=== Problem to solve ===
Below are the records; repeat exactly their lines between the line holding "당시의 선거 분위기는" and the line holding "决赛现场,选手们精神饱满、从", inclusive, skipping the pictures.

=== Task inputs ===
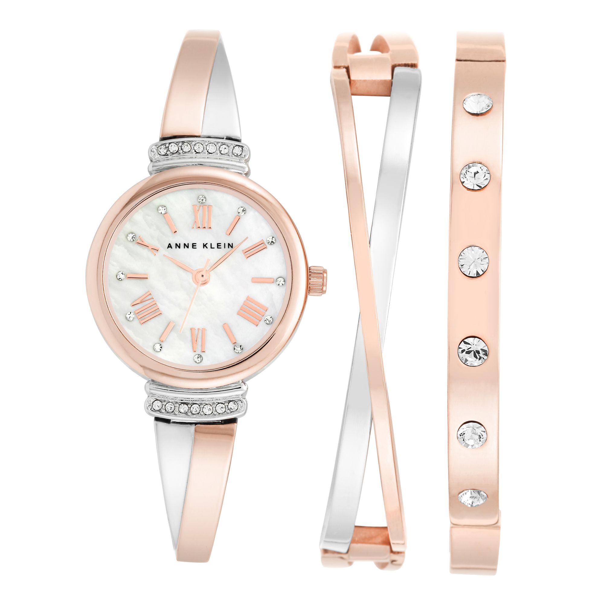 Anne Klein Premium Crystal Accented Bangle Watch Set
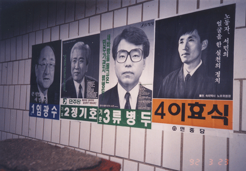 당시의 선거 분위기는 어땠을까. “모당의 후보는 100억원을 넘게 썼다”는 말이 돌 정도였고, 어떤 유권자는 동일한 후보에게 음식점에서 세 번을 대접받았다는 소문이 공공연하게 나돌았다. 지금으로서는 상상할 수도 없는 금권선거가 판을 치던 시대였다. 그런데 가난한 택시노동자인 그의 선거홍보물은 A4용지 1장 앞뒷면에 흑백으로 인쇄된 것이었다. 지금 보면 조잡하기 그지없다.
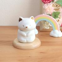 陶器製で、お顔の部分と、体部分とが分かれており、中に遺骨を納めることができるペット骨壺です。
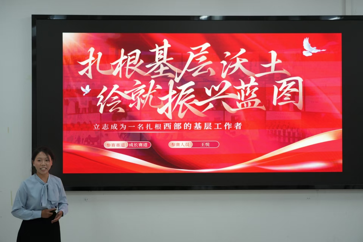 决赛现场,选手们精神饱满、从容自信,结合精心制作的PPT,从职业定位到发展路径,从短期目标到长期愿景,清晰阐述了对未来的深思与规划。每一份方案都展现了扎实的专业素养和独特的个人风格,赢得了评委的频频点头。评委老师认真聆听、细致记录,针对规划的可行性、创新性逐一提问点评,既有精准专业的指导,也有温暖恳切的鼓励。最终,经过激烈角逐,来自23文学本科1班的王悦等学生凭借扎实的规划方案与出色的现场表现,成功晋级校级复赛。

* * *

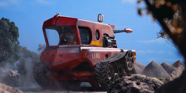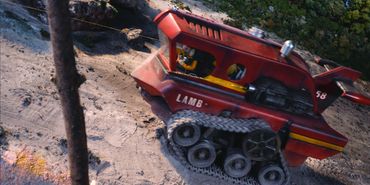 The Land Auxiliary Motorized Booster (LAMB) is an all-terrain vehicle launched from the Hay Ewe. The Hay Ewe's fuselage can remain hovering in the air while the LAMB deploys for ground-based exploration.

=== Written answer ===
 당시의 선거 분위기는 어땠을까. “모당의 후보는 100억원을 넘게 썼다”는 말이 돌 정도였고, 어떤 유권자는 동일한 후보에게 음식점에서 세 번을 대접받았다는 소문이 공공연하게 나돌았다. 지금으로서는 상상할 수도 없는 금권선거가 판을 치던 시대였다. 그런데 가난한 택시노동자인 그의 선거홍보물은 A4용지 1장 앞뒷면에 흑백으로 인쇄된 것이었다. 지금 보면 조잡하기 그지없다.
 陶器製で、お顔の部分と、体部分とが分かれており、中に遺骨を納めることができるペット骨壺です。
 决赛现场,选手们精神饱满、从容自信,结合精心制作的PPT,从职业定位到发展路径,从短期目标到长期愿景,清晰阐述了对未来的深思与规划。每一份方案都展现了扎实的专业素养和独特的个人风格,赢得了评委的频频点头。评委老师认真聆听、细致记录,针对规划的可行性、创新性逐一提问点评,既有精准专业的指导,也有温暖恳切的鼓励。最终,经过激烈角逐,来自23文学本科1班的王悦等学生凭借扎实的规划方案与出色的现场表现,成功晋级校级复赛。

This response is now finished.